The strength of more than 200 voices reverberated on Capitol Hill last week – voices raised on behalf of kids around the world in meetings with nearly 150 lawmakers and their staff.
The meetings were the culmination of the three-day 2019 Advocacy Summit, where Save the Children Action Network (SCAN) advocates from more than 35 states attended in-depth advocacy trainings, heard from leading experts on issues impacting children, and convened with their legislators to protect and invest in kids both here at home and overseas.
“What can change the world today is the same thing that has changed it in the past – an idea, and the service of dedicated, committed individuals to that idea,” SCAN CEO Mark Shriver told the 200-plus advocates, kicking off the 17th annual Summit with a quote from his father, Sargent Shriver.

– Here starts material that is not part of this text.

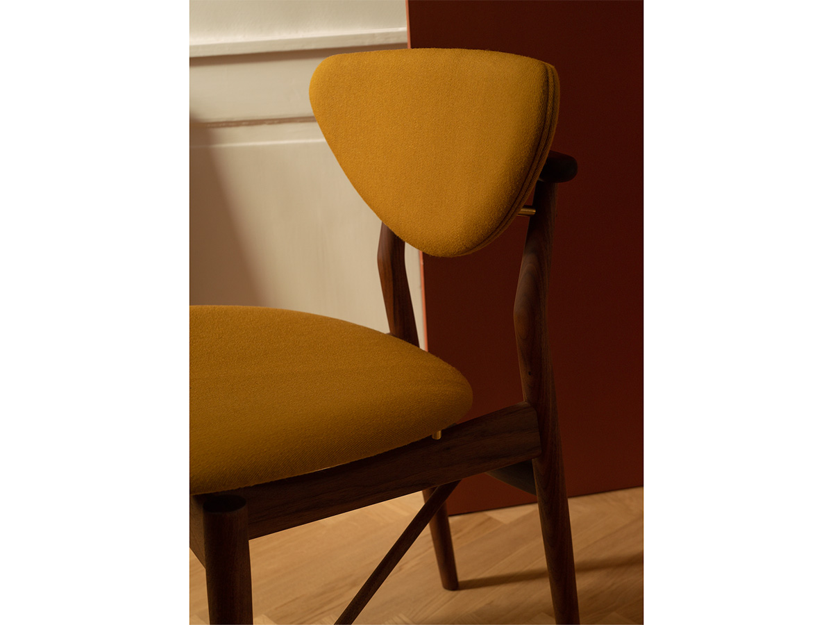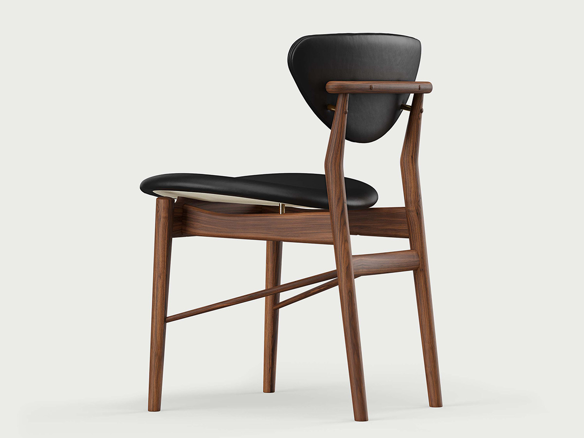 La sedia 108 di House of Finn Juhl è un grande esempio di raffinato modernismo danese Mid-Century. Il segreto del suo fascino risiede nei dettagli: angoli e curve delle gambe e degli elementi di sostegno sono attentamente studiati in forme inusuali, di difficile lavorazione, che conferiscono alla sedia un aspetto dinamico ed organico sorprendentemente moderno. La sedia 108 è un pezzo di alta ebanisteria, una seduta sofisticata per veri intenditori, grande classico del design danese fin dal suo lancio nel 1946. Seduta e schienale sono composti da due distinti elementi e possono essere rivestiti sia in pelle che in tessuto.

The advocates, including more than 75 high school and college students from across the country, all came together in their commitment to the idea that further investments need to be made in early childhood education in the U.S., and more humanitarian support is needed for children around the world, where nearly one in five children live in areas affected by armed conflict and war.
This includes SCAN advocates like Nanette Arnold and Mihir Sardesai, who were honored at the Summit as Advocate of the Year and Student Advocate of the Year, respectively.
Nanette, a long-time teacher from western Tennessee, never spoke to a political candidate or attended a campaign event until last year. But as an early reading specialist, she knew how critically important early learning opportunities are for a child’s future success in school and life. So she set out last summer to talk to every candidate running for governor of Tennessee, as well as the state’s open Congressional seats. She did just that, asking pointed questions about early learning at more than 25 campaign events, and organizing her friends and colleagues across the state to do the same. In 2019, the newly-elected Governor of Tennessee, Bill Lee, has prioritized high-quality early childhood education for his transition team, and he directly credits his increased awareness on this issue to Nanette and her fellow SCAN advocates.
Mihir, a high school senior in the Seattle area, is so dedicated to helping kids in the U.S. and around the world get a strong start in life that he donated his summer savings from his tutoring job to Save the Children. As a Student Ambassador for SCAN, he has canvassed for kids’ issues at numerous local and state SCAN events, knocking on doors, making calls and starting conversations with voters. Mihir also created a thriving SCAN club at his school, and is always looking for new ways to engage with his peers on behalf of kids. Attending college in the fall, he is looking to make a career in political advocacy in order to continue to help children and families in need.
In addition, Save the Children and SCAN honored the advocacy efforts of SCAN volunteers in the city of Boise, Idaho at the Summit, giving them the Community Impact Award. The Boise advocates – Helga Frankenstein, Julie Goodman, Sean O’Gara, Megan Smith and Audrey Speicher – established SCAN’s footprint in Boise this past year, growing the network of volunteer advocates in the area, engaging with state leaders on the critical importance of early childhood education, and expanding SCAN’s voice for kids into new parts of the country.
These are the stories of just a few of the hundreds of advocates who raised their voices for kids on Capitol Hill this week, widening the ripple effect of SCAN’s growing grassroots network of nearly 280,000 supporters in all 50 states.